> DATA PROVIDED:
━━━━━━━━
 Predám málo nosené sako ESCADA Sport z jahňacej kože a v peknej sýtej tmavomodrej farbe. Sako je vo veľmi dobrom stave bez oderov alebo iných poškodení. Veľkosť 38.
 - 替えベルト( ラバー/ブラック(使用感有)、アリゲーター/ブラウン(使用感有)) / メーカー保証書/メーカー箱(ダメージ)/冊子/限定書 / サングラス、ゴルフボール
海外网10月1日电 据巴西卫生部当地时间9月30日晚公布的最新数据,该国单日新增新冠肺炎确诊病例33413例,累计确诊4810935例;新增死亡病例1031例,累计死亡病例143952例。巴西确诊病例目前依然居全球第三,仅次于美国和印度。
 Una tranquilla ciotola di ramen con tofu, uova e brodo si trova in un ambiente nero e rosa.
━━━━━━━━
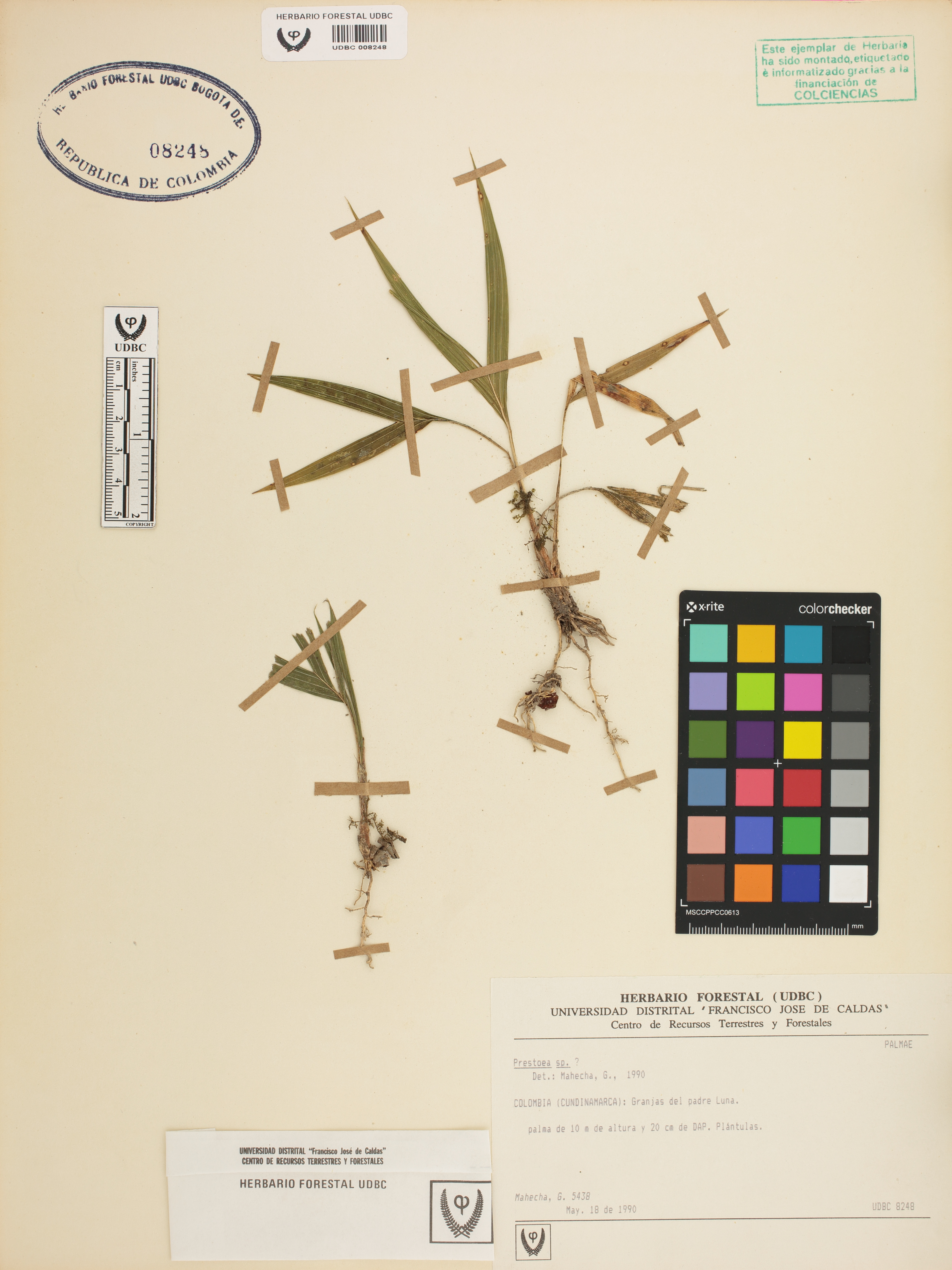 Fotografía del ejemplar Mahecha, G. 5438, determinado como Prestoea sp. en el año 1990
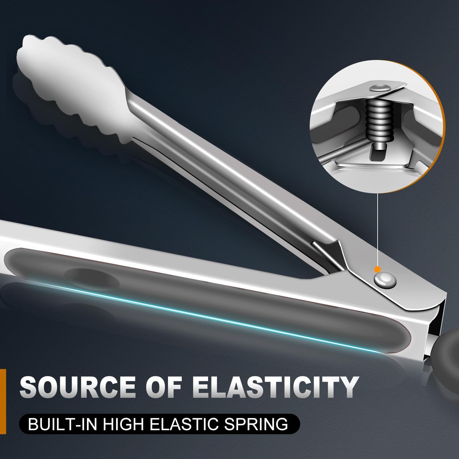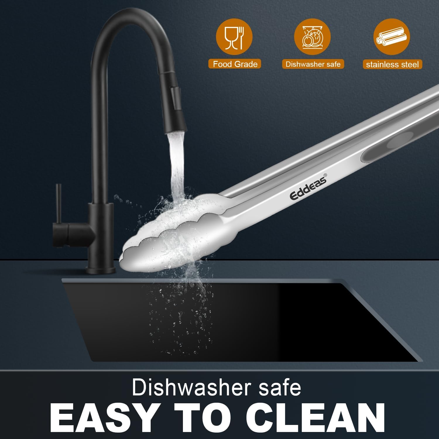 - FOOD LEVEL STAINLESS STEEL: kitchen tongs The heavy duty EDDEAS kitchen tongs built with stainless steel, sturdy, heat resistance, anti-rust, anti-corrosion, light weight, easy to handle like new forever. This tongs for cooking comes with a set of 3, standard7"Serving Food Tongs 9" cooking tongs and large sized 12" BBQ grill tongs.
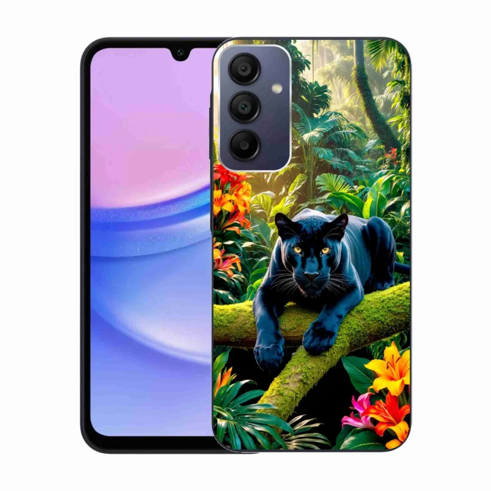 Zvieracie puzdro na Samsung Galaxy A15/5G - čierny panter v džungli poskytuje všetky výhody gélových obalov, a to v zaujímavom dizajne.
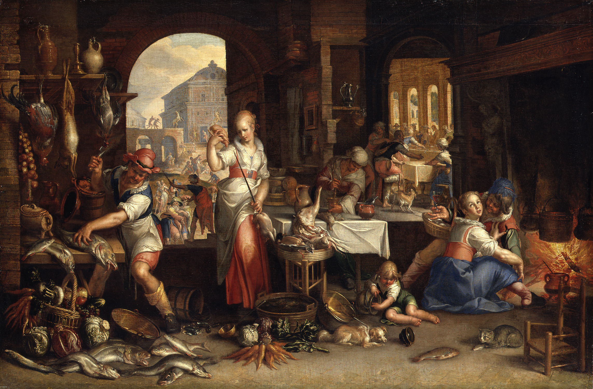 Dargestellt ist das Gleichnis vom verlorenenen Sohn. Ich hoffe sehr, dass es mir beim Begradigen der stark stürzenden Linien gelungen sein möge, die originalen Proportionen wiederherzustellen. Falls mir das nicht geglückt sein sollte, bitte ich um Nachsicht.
━━━━━━━━
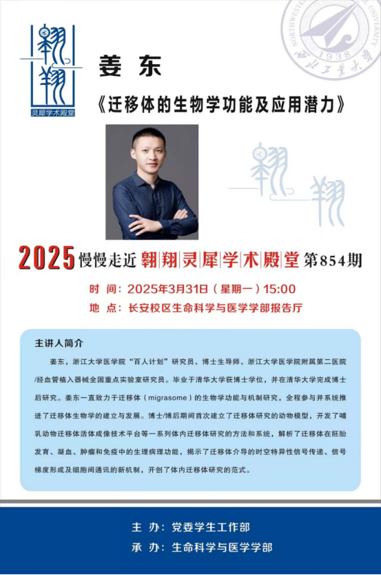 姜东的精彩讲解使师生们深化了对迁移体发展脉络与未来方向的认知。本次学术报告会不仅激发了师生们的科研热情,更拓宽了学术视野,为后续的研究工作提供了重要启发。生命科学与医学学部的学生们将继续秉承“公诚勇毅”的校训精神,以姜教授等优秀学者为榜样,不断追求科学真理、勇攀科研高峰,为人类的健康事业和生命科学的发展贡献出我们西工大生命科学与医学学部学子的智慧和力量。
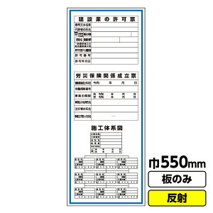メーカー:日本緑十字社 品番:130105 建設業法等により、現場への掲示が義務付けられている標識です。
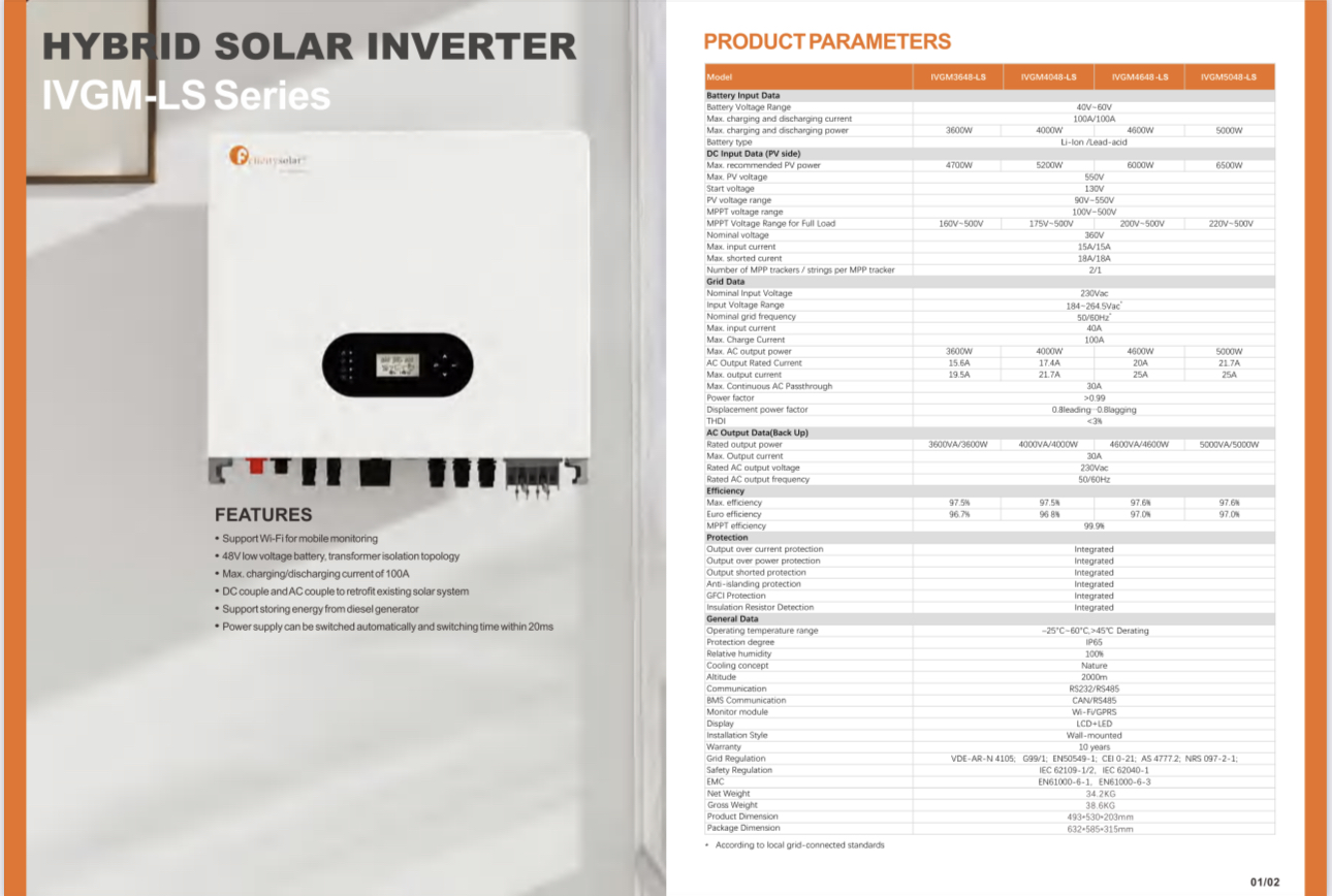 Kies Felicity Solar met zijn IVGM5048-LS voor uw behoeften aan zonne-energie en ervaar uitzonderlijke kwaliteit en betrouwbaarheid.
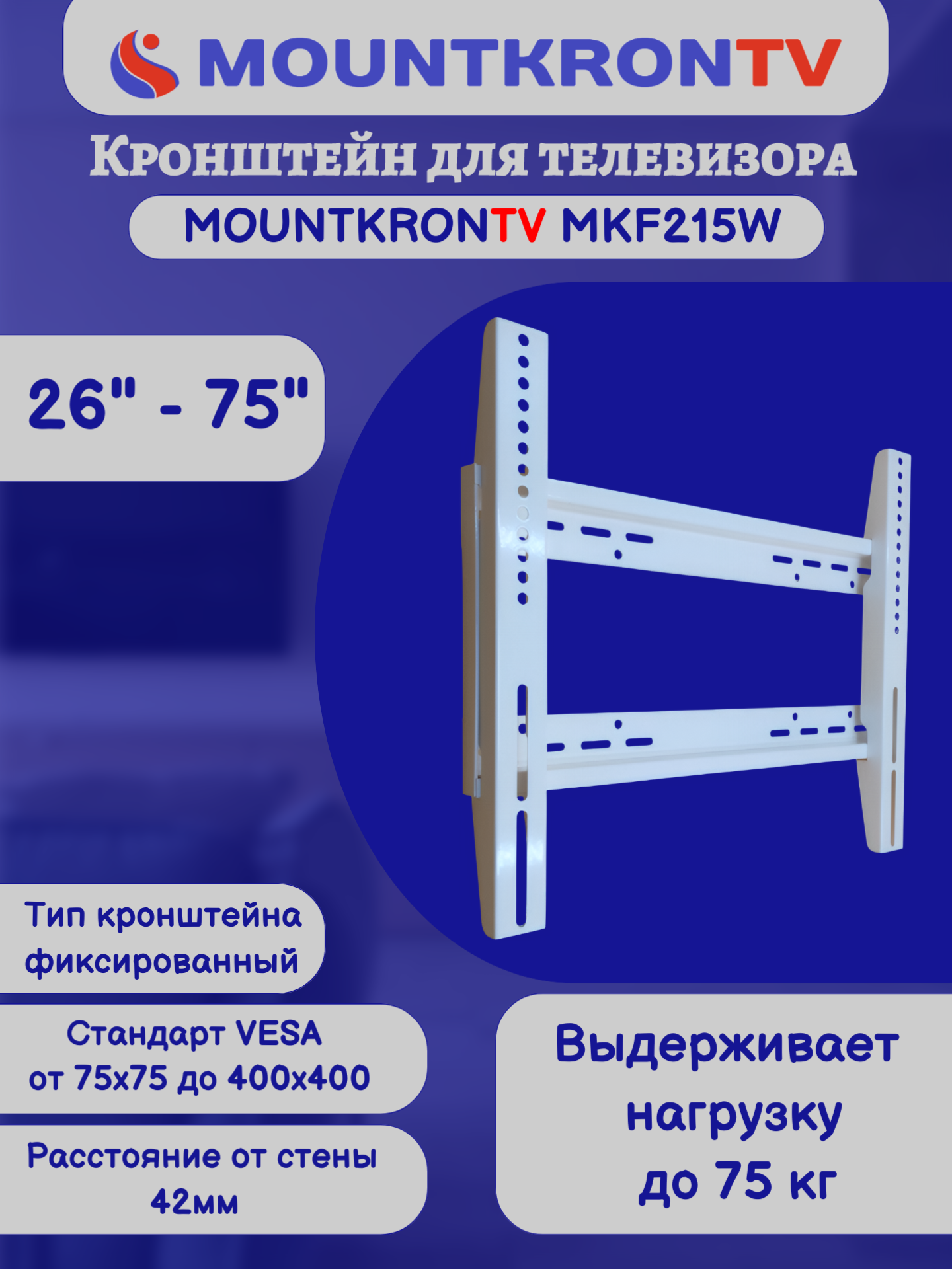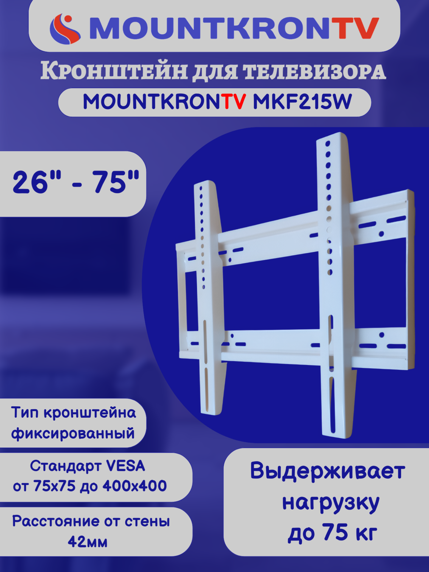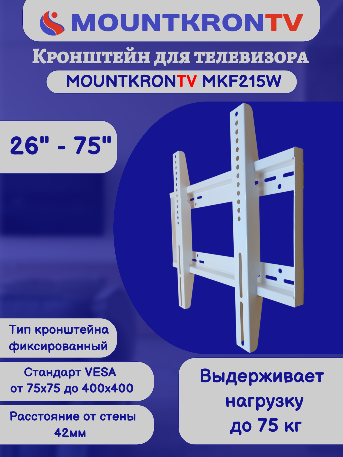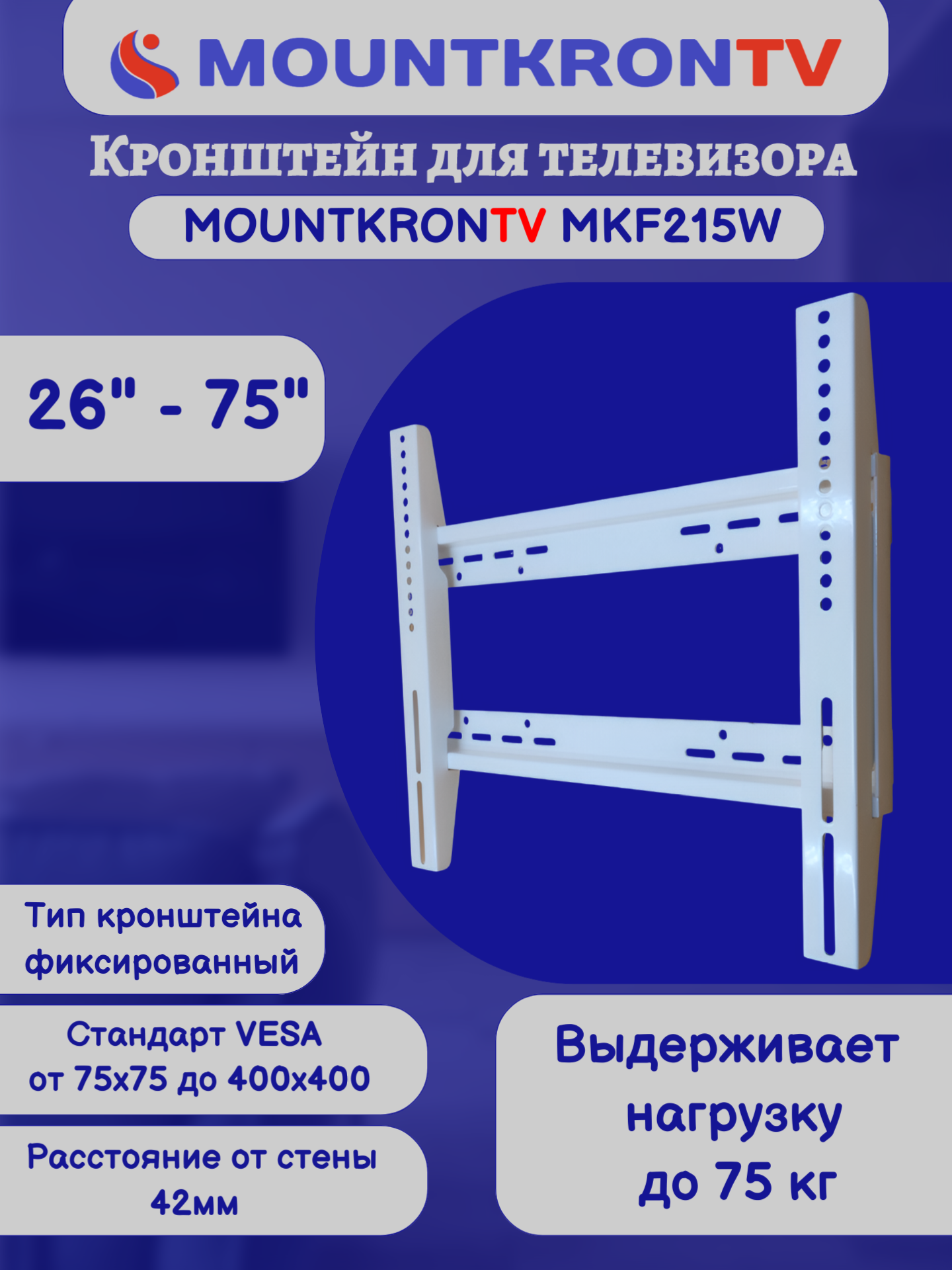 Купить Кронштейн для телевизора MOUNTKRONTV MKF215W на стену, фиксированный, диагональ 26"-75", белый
━━━━━━━━
> YOUR TASK: Take the lines above starting at the one containing "- FOOD LEVEL" and ending at the one containing "Dargestellt ist das", and print them again exactly, without pictures.

> OUTPUT FOR THIS EXERCISE:
 - FOOD LEVEL STAINLESS STEEL: kitchen tongs The heavy duty EDDEAS kitchen tongs built with stainless steel, sturdy, heat resistance, anti-rust, anti-corrosion, light weight, easy to handle like new forever. This tongs for cooking comes with a set of 3, standard7"Serving Food Tongs 9" cooking tongs and large sized 12" BBQ grill tongs.
 Zvieracie puzdro na Samsung Galaxy A15/5G - čierny panter v džungli poskytuje všetky výhody gélových obalov, a to v zaujímavom dizajne.
 Dargestellt ist das Gleichnis vom verlorenenen Sohn. Ich hoffe sehr, dass es mir beim Begradigen der stark stürzenden Linien gelungen sein möge, die originalen Proportionen wiederherzustellen. Falls mir das nicht geglückt sein sollte, bitte ich um Nachsicht.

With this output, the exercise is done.